/---
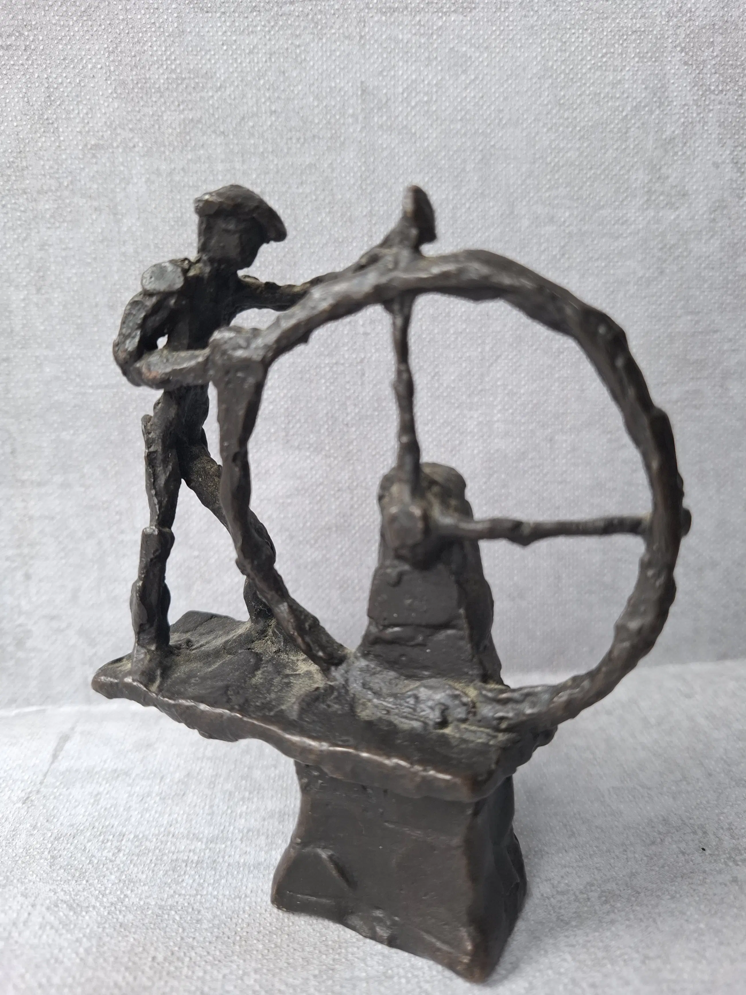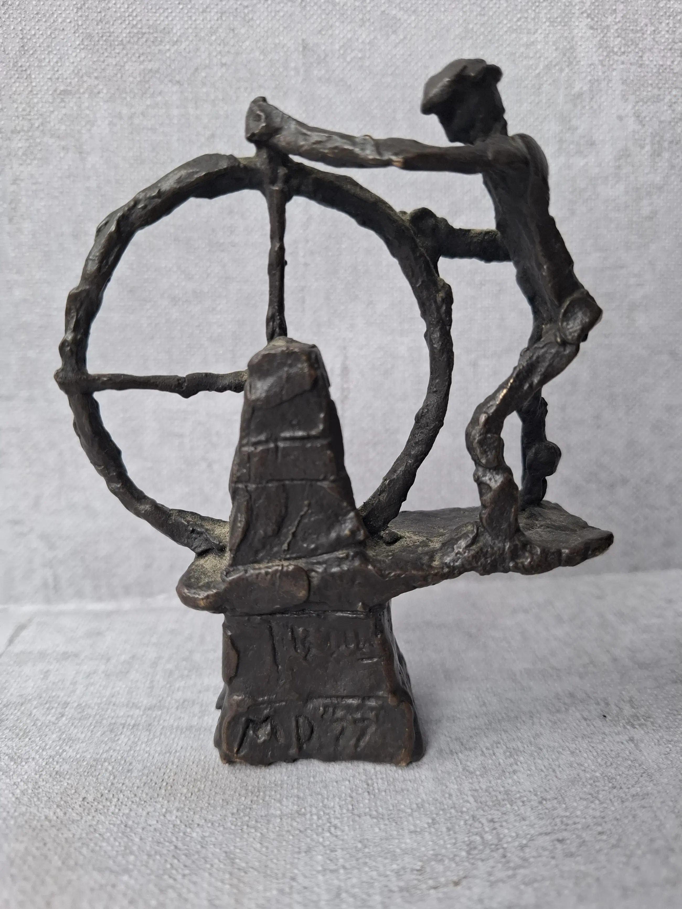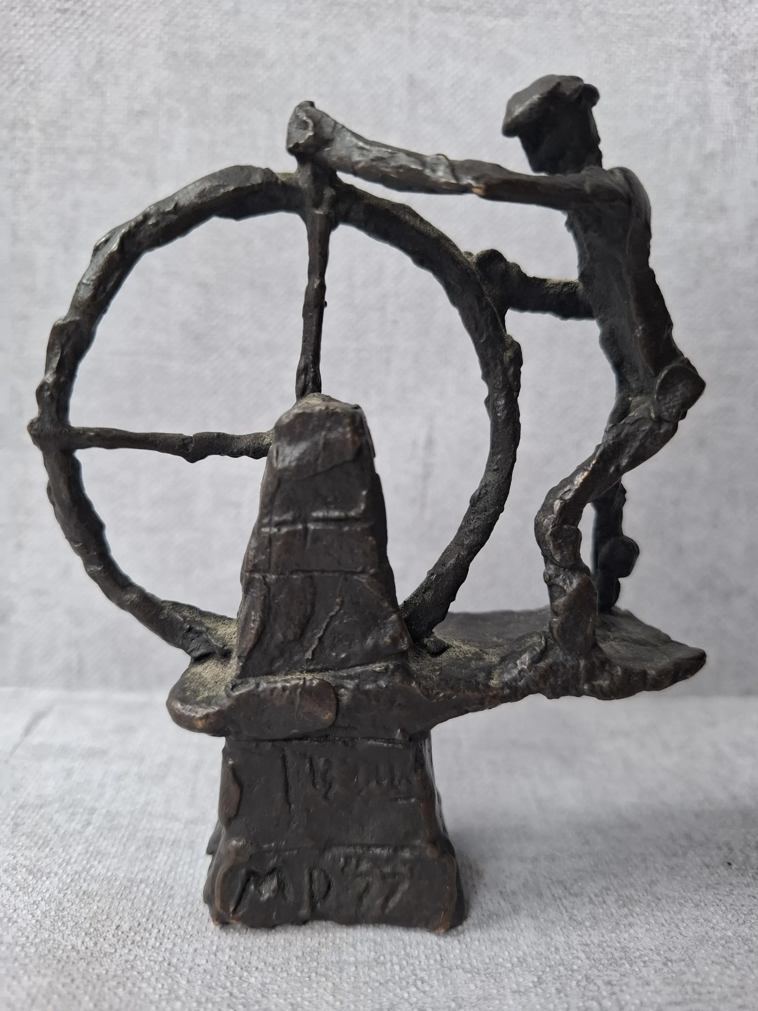 Mooi fijn en klein sculptuur van Jits Bakker. Voorstellend een sluis wachter. Gesigneerd en de tekst MD ( Maas en Dommel?)
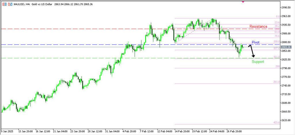 วิเคราะห์ XAUUSD กรอบเวลา H4 ราคากำลังทดสอบแนว Pivot 2882.96 ซึ่งเป็นแนวต้าน Pullback หากปรับตัวลง อาจร่วงสู่แนวรับแรก 2829.34 ซึ่งสอดคล้องกับ Fibonacci 161.8%
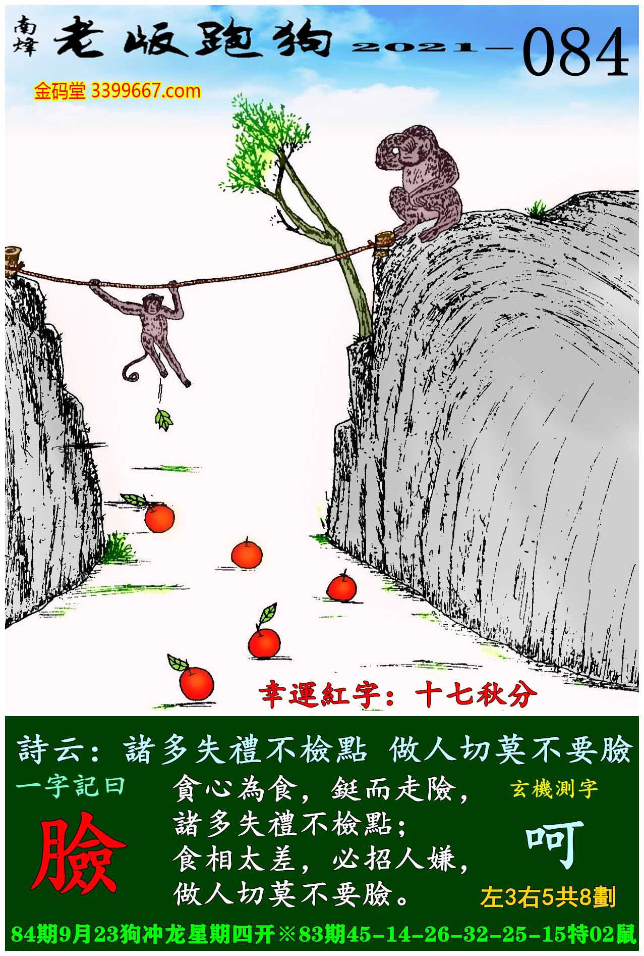 084期老版跑狗一字記之曰:【臉】
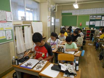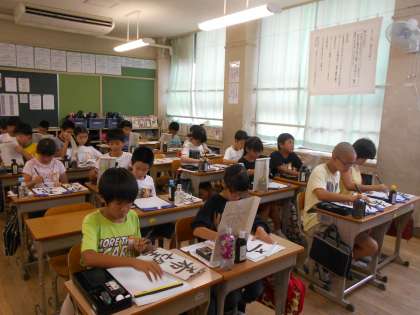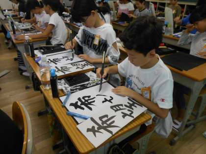 机の上を整頓し、正しい姿勢で、気持ちを集中させて書いています。
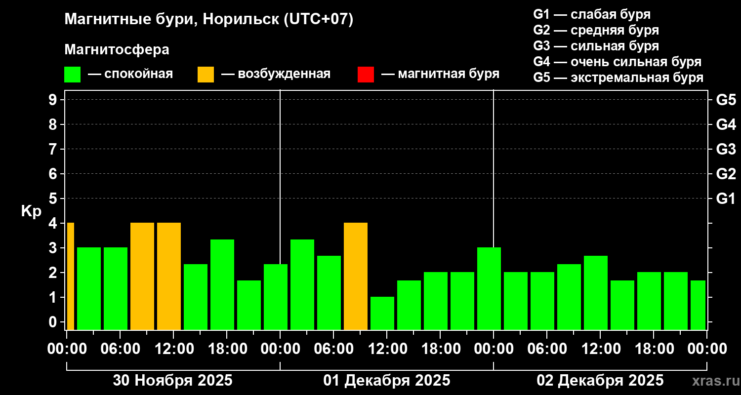 Магнитные бури в Норильске 2 декабря 2025 года
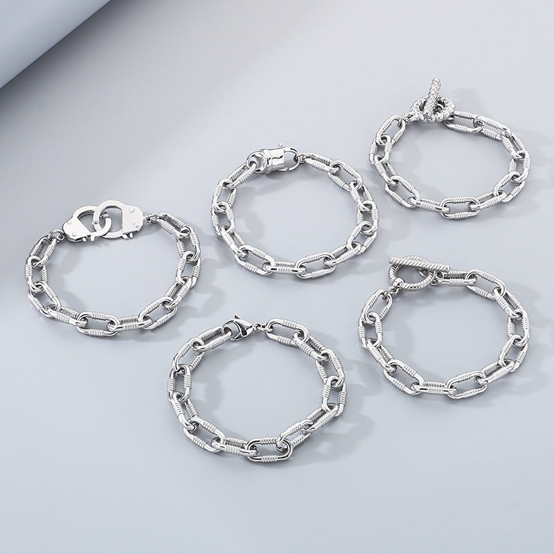 Mens Titanium Steel Bracelet Planderful Skull Buckle Bold
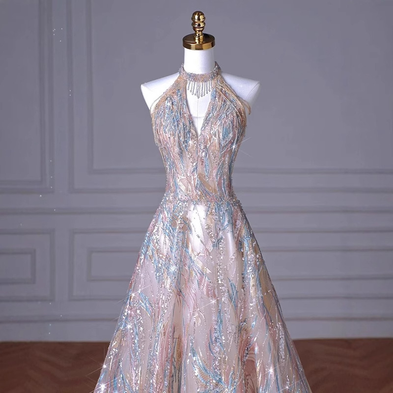 Gaun malam halter Prancis 2024, gaun Pertemuan Tahunan pengantin perempuan berpayet host niche mewah ringan baru
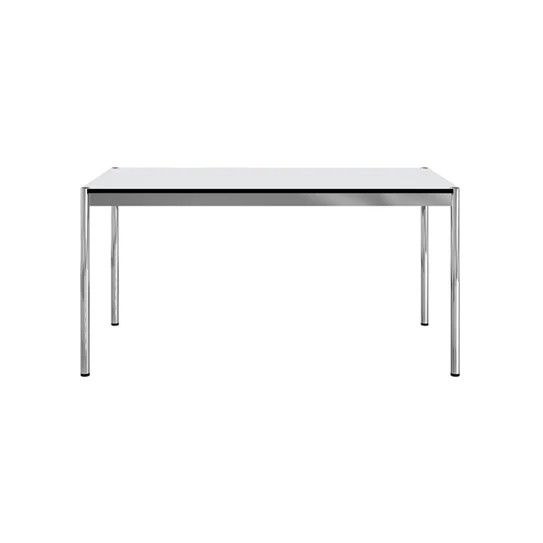 クロームメッキのフレームと4本のスティールチューブの脚が特長のテーブル。クラシカルモダンなデザインで、非常に頑丈な構造です。天板は汚れに強く扱いやすいラミネート(パールグレー)仕様で、デスクとしても使いやすいサイズです。
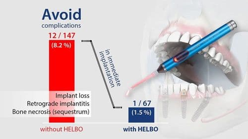 Inserarea imediată a implantului cu încărcare imediată devine mai predictibilă cu terapia HELBO, în special în alveolele infectate.
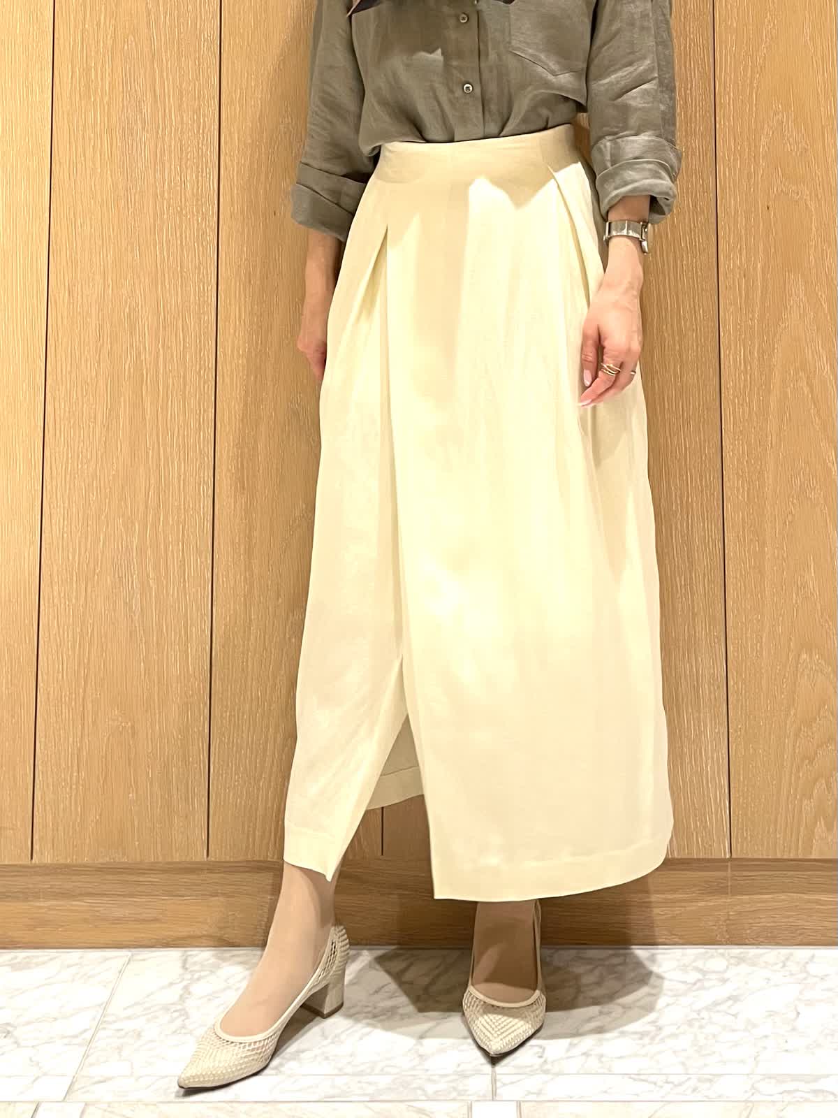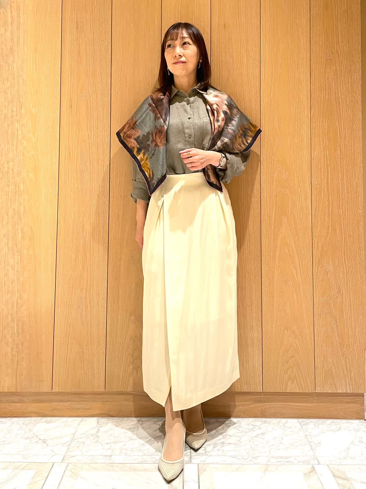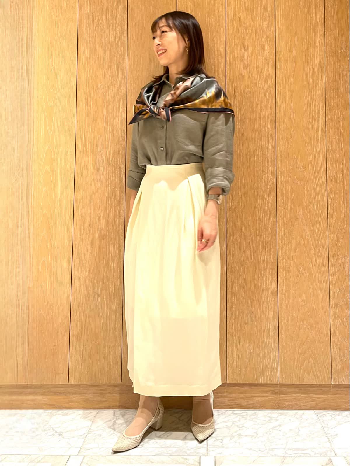 【着用サイズ・カラー】ブラウス : 9号 カーキ スカート : 7号 アイボリー ゴールデンウィークから秋口まで着られるオフィススタイルです。今年も暑い時期が長そうなので、カーキのリネンシャツは活躍しそうです。リネンシャツはラフに着崩すのも良いですが、スカートにインしてきちんと着るのも素敵です。お洋服が無地なので、スカーフで柄を足すのもオシャレです。スカートはコクーンっぽいシルエットなので、腰回りが気にならないデザインです。ウエストの後ろがゴム仕様なのも嬉しいです。
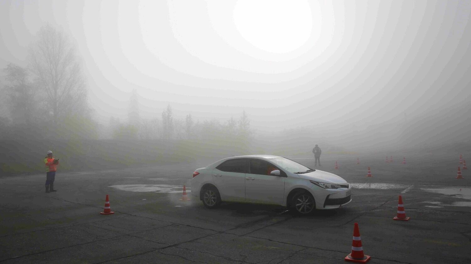 Погодные условия добавили испытанию сложности: полигон оказался окутан плотным туманом — как в типичное межсезонье, когда водителям приходится быть особенно внимательными. В ходе практического этапа участникам необходимо было максимально быстро и аккуратно выполнить пять элементов: змейку и заезд в бокс задним ходом, разворот в замкнутом пространстве, параллельную парковку и проезд через препятствие правыми колесами автомобиля.
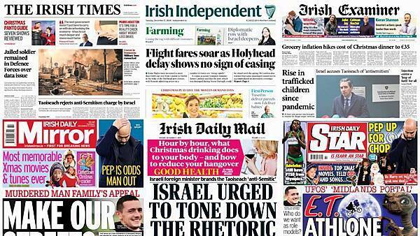 Lastly, the Daily Star says a businessman is charging his friend and family £75 (€90) for Christmas dinner, claiming Scrooge is “alive and well in Fulham”.
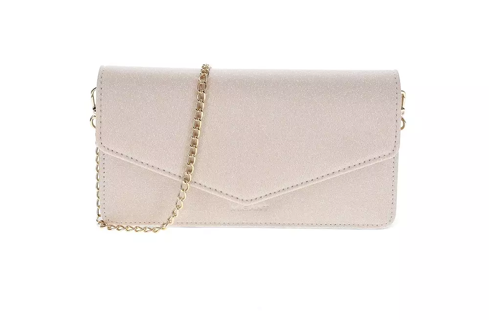 - Beige bag with gold-tone details and chain strap, other color options with silver-tone details and chain strap
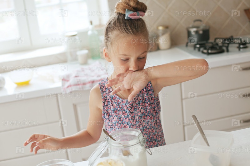 Девочка готовит на кухне
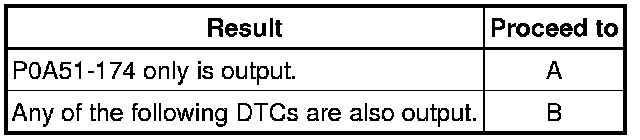 - P0A51-174 may be output due to a malfunction which causes the DTCs in the table above to be output. In this case, first troubleshoot the output DTCs in the table above. Then, perform a reproduction test to check that no DTCs are output.
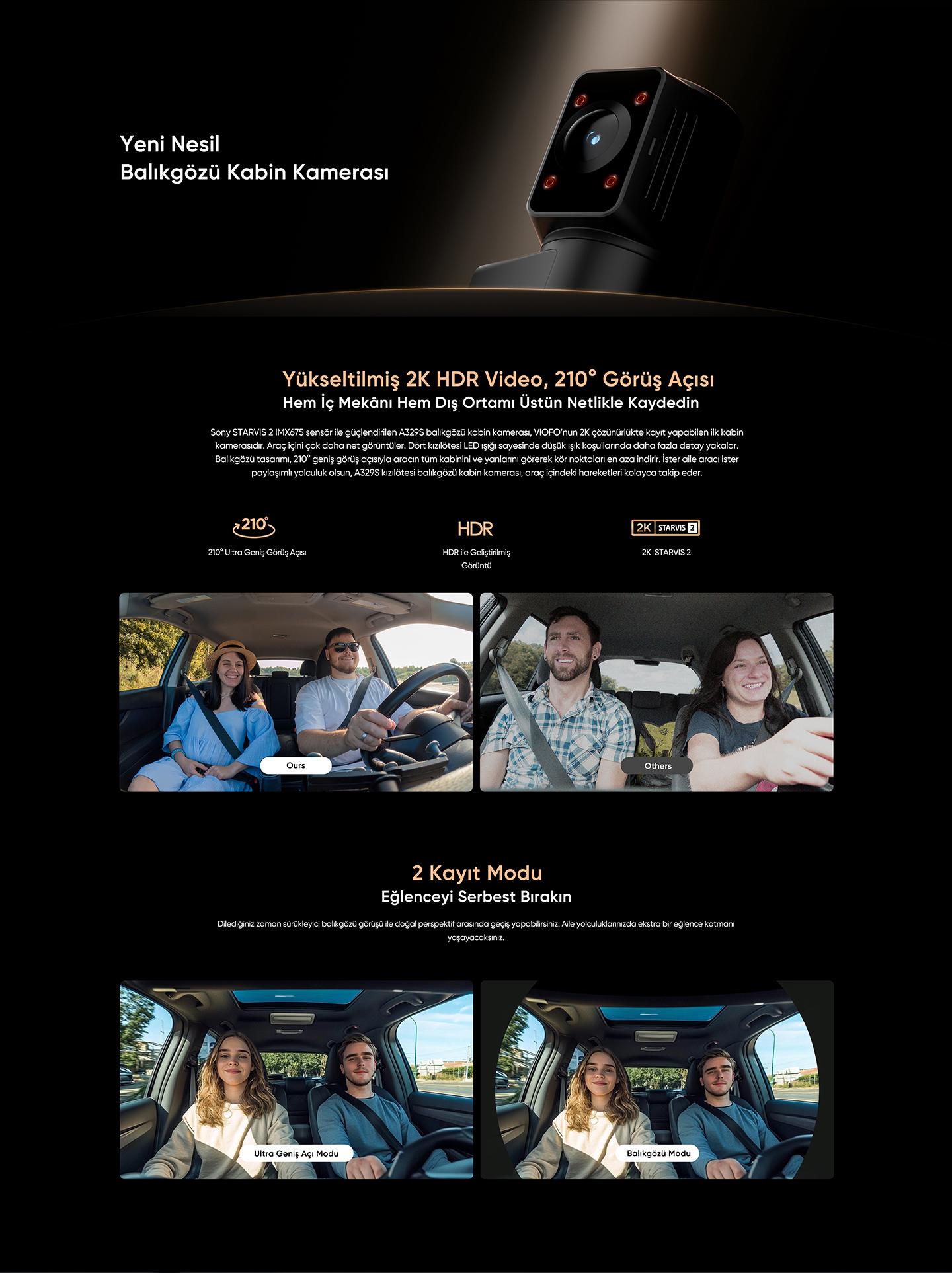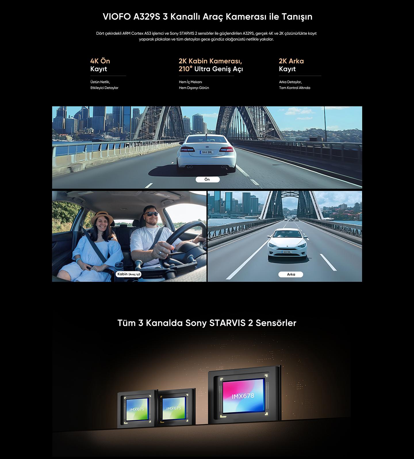 Viofo A329S 3 kameralı araç kamerası gerçek 4K teknolojisi ile donatılmış ön, arka, ve iç sensörleri Sony Lensler ile donatılmış profesyonel akıllı bir araç kamera sistemidir. Sony Starvis 2 sensör teknolojisi sayesinde üstün görüntü kalitesi sunan bu araç içi kamera, hem ön-Arka ve iç kayıt özelliği ile tam koruma sağlar. 4K 30FPS kayıt çözünürlüğü daha fazla detay ve net görüntülere sahip olmanızı sağlar. Wi-Fi 6 bağlantısı sayesinde görüntülerinizi telefonunuza hızlı bir şekilde aktarmanıza imkan tanır. Gerçek 4K teknolojisi ile her anı kristal netliğinde kaydedin. 24 saat kayıt özelliği sayesinde aracınız park halindeyken bile güvende olur. Bu premium araç kamerası, SSD desteği ve GPS takibi ile uzun mesafeli seyahatlerde ideal performans sunar.
\---
Give back every line of the material above word for word, leaving out the pictures.

Task solution —
 Mooi fijn en klein sculptuur van Jits Bakker. Voorstellend een sluis wachter. Gesigneerd en de tekst MD ( Maas en Dommel?)
 วิเคราะห์ XAUUSD กรอบเวลา H4 ราคากำลังทดสอบแนว Pivot 2882.96 ซึ่งเป็นแนวต้าน Pullback หากปรับตัวลง อาจร่วงสู่แนวรับแรก 2829.34 ซึ่งสอดคล้องกับ Fibonacci 161.8%
 084期老版跑狗一字記之曰:【臉】
 机の上を整頓し、正しい姿勢で、気持ちを集中させて書いています。
 Магнитные бури в Норильске 2 декабря 2025 года
 Mens Titanium Steel Bracelet Planderful Skull Buckle Bold
 Gaun malam halter Prancis 2024, gaun Pertemuan Tahunan pengantin perempuan berpayet host niche mewah ringan baru
 クロームメッキのフレームと4本のスティールチューブの脚が特長のテーブル。クラシカルモダンなデザインで、非常に頑丈な構造です。天板は汚れに強く扱いやすいラミネート(パールグレー)仕様で、デスクとしても使いやすいサイズです。
 Inserarea imediată a implantului cu încărcare imediată devine mai predictibilă cu terapia HELBO, în special în alveolele infectate.
 【着用サイズ・カラー】ブラウス : 9号 カーキ スカート : 7号 アイボリー ゴールデンウィークから秋口まで着られるオフィススタイルです。今年も暑い時期が長そうなので、カーキのリネンシャツは活躍しそうです。リネンシャツはラフに着崩すのも良いですが、スカートにインしてきちんと着るのも素敵です。お洋服が無地なので、スカーフで柄を足すのもオシャレです。スカートはコクーンっぽいシルエットなので、腰回りが気にならないデザインです。ウエストの後ろがゴム仕様なのも嬉しいです。
 Погодные условия добавили испытанию сложности: полигон оказался окутан плотным туманом — как в типичное межсезонье, когда водителям приходится быть особенно внимательными. В ходе практического этапа участникам необходимо было максимально быстро и аккуратно выполнить пять элементов: змейку и заезд в бокс задним ходом, разворот в замкнутом пространстве, параллельную парковку и проезд через препятствие правыми колесами автомобиля.
 Lastly, the Daily Star says a businessman is charging his friend and family £75 (€90) for Christmas dinner, claiming Scrooge is “alive and well in Fulham”.
 - Beige bag with gold-tone details and chain strap, other color options with silver-tone details and chain strap
 Девочка готовит на кухне
 - P0A51-174 may be output due to a malfunction which causes the DTCs in the table above to be output. In this case, first troubleshoot the output DTCs in the table above. Then, perform a reproduction test to check that no DTCs are output.
 Viofo A329S 3 kameralı araç kamerası gerçek 4K teknolojisi ile donatılmış ön, arka, ve iç sensörleri Sony Lensler ile donatılmış profesyonel akıllı bir araç kamera sistemidir. Sony Starvis 2 sensör teknolojisi sayesinde üstün görüntü kalitesi sunan bu araç içi kamera, hem ön-Arka ve iç kayıt özelliği ile tam koruma sağlar. 4K 30FPS kayıt çözünürlüğü daha fazla detay ve net görüntülere sahip olmanızı sağlar. Wi-Fi 6 bağlantısı sayesinde görüntülerinizi telefonunuza hızlı bir şekilde aktarmanıza imkan tanır. Gerçek 4K teknolojisi ile her anı kristal netliğinde kaydedin. 24 saat kayıt özelliği sayesinde aracınız park halindeyken bile güvende olur. Bu premium araç kamerası, SSD desteği ve GPS takibi ile uzun mesafeli seyahatlerde ideal performans sunar.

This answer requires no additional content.